Noise About Noise
Members of the New Orleans music business community vented at yesterday's meeting on the city's treatment of live music venues and got results.
It wasn't pretty but it worked. Yesterday, 100 to 150 members of the music community packed into Kermit's Treme Speakeasy to express their outrage at what they perceive as the programmatic harrassment of live music, and whether it's actually happening or not, the anger and the frustration in the room were very real. The meeting was less chaotic than it could have been and often aired grievances only loosely rooted in fact, but by the end of the day, Siberia and Mimi's in the Marigny were informed that they could resume regular programming, Siberia with a temporary live music permit while it goes through the process to get a pernament one. Mimi's presented live music last night and will host DJ Soul Sister's Saturday night party as usual this week.
There were representatives from many area venues present including Three Muses, Cork and Bottle, Siberia, and Mimi's in the Marigny, as well as a number of musicians, writers, lawyers and community activists. The standing room-only crowd filled aisles and gathered across the back of the stage behind a microphone and former Louisiana Music Commission head Bernie Cyrus, who regularly inserted himself derisively into the conversation. "This is the culture that made the city great," he said. "They're trying to kill the golden goose, and it's absurd."

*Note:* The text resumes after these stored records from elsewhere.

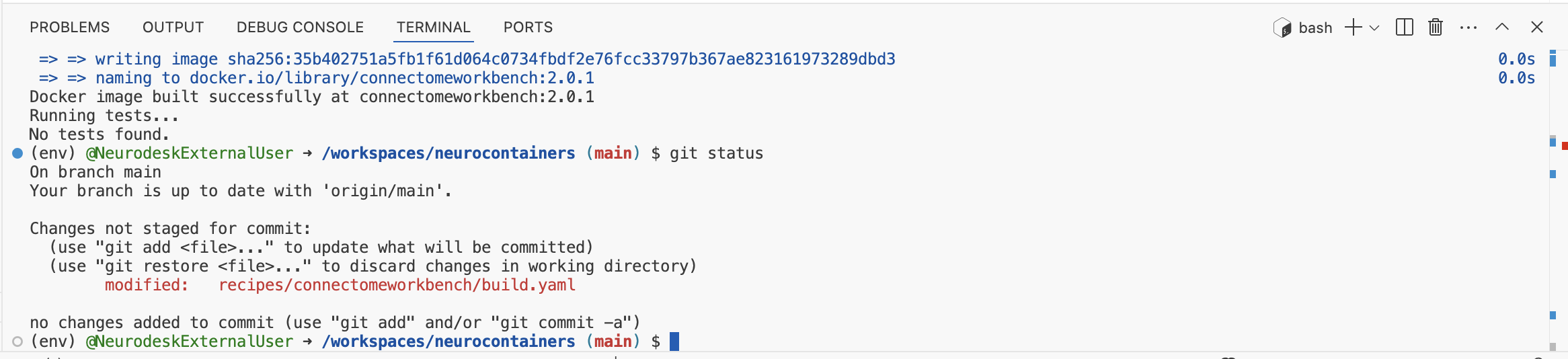 Once you see Docker image built successfully at connectomeworkbench:2.0.1, you are ready to commit and push your changes.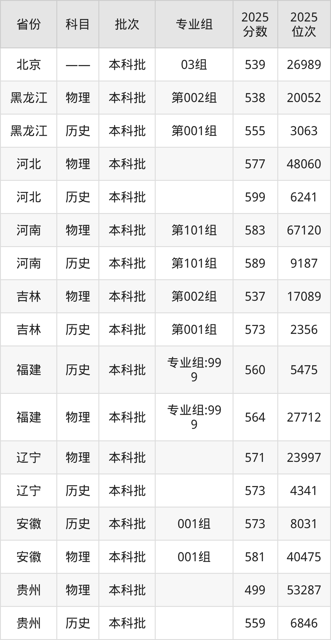 普通类本科物理类最低552分,本科历史类最低577分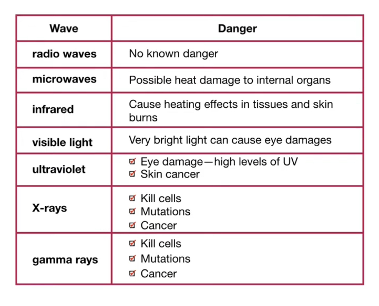 Higher frequency waves can be ionizing, leading to cellular damage and cancer (e.g., UV, X-rays, gamma rays).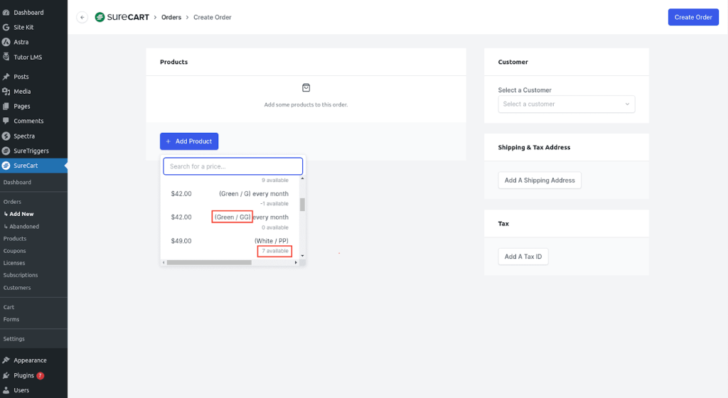 Creating a manual order with product variants follows a process similar to that of non-variant products. The primary distinction lies in variant products displaying the stock quantity and the variant name, as you can see from the screenshot below.

The hostility peaked when Scott Hutcheson from the Mayor's Office for Cultural Economy came to the front of the room to take questions and hear comments. When he explained, "The government does three things: we permit, we protect, we enforce," he was cut off by someone who demanded, "What are you protecting us from? Our culture? What's wrong with you people?"

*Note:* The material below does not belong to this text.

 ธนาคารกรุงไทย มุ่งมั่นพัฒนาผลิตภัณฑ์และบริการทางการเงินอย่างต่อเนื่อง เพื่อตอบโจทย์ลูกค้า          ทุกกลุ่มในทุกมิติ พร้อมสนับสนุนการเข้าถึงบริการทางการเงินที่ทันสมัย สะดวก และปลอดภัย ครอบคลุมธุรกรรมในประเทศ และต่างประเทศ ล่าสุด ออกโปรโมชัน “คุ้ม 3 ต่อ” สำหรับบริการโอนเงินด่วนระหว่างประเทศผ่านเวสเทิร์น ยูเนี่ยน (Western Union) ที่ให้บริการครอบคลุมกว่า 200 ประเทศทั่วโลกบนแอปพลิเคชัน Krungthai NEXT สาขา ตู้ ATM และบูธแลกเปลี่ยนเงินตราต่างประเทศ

The talk highlighted the profound culture clash as the improvised nature of music and bars - some of which evolved into live music venues out of necessity and/or opportunity - bumps into government's methodical nature. "It's not a music permit; it's a zoning permit," Hutcheson said. "It's more of a process about where you are than what you do." Under previous administrations, this confrontation was less profound, but a more capable administration has been more able in its role, which has led to some city actions and prompted others to change their own live music programming out of concern for what might happen.
Not surprisingly, tempers flared regularly, particularly over the tension between the role music plays in the city's marketing and the shabby treatment those in attendance feel it receives. "We are enforcing laws that are 50, 60 years old that don't have anything to do with our reality right now," writer Deborah Cotton said. "If you're going to after musicians or clubs or street vendors and make sure they're in compliance, before you do that City Hall needs to scale up its efforts so that you create a process so that venues that are already live and available can go in and fast-track their process. On one hand, you're promoting culture to the world in order to beef up our economy; on the other hand, you're punching culture bearers."

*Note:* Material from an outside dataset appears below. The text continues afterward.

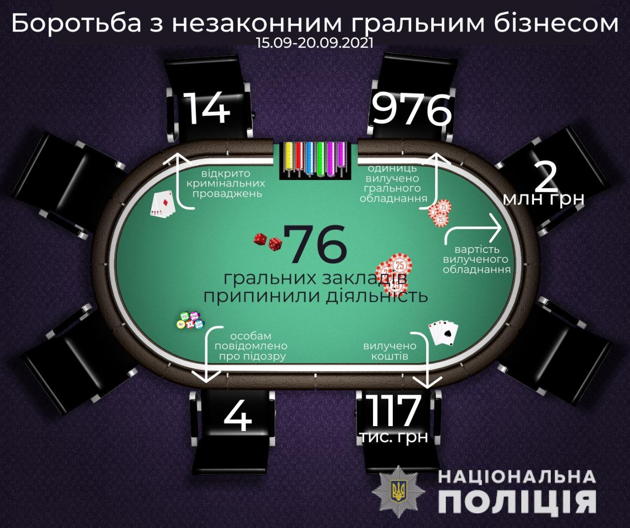 За фактами незаконної діяльності з організації або проведення азартних ігор, лотерей (стаття 203-2 Кримінального кодексу України) відкрито 14 кримінальних проваджень та вже 4 особи отримали підозри. З підпільних гральних закладів поліцейські вилучили 976 одиниць грального обладнання загальною вартістю понад два мільйони гривень та 117 тис. грн готівки, отриманої від ставок. Найбільше таких закладів було виявлено на Дніпропетровщині - 14, Київщині - 13 та у місті Києві -11.

Precision with the facts was sometimes wanting, but there was no shortage of passion as grievance after grievance was aired. Hutcheson told the crowd that there are plans for a zoning/permiting one-stop that should be ready and active in October, and there would be a meeting held later in the day regarding a moratorium on enforcement actions - a meeting that led to the decisions regarding Siberia and Mimi's.
The gathering had a meta dimension as people recognized the need to pull together, then unified only under the umbrella of dissatisfaction. When lawyer Ashlye Keaton said that we need specific requests that we can take to the city, Cyrus interpreted and endorsed that thought as, "Yeah! We need a slogan!" And that was followed by another chorus of injustices.
"The reason VCPORA [Vieux Carre Property Owners, Residents and Associates] and FMIA [Faubourg Marigny Improvement Association] get anywhere is because they represent votes," said OffBeat publisher Jan Ramsey. "If people in this room organized and went before City Council and said, 'We're a group with a name,' then you'd have power. Power is in votes."
"This is happening because other special interest groups are way more organized than we are," said Keaton.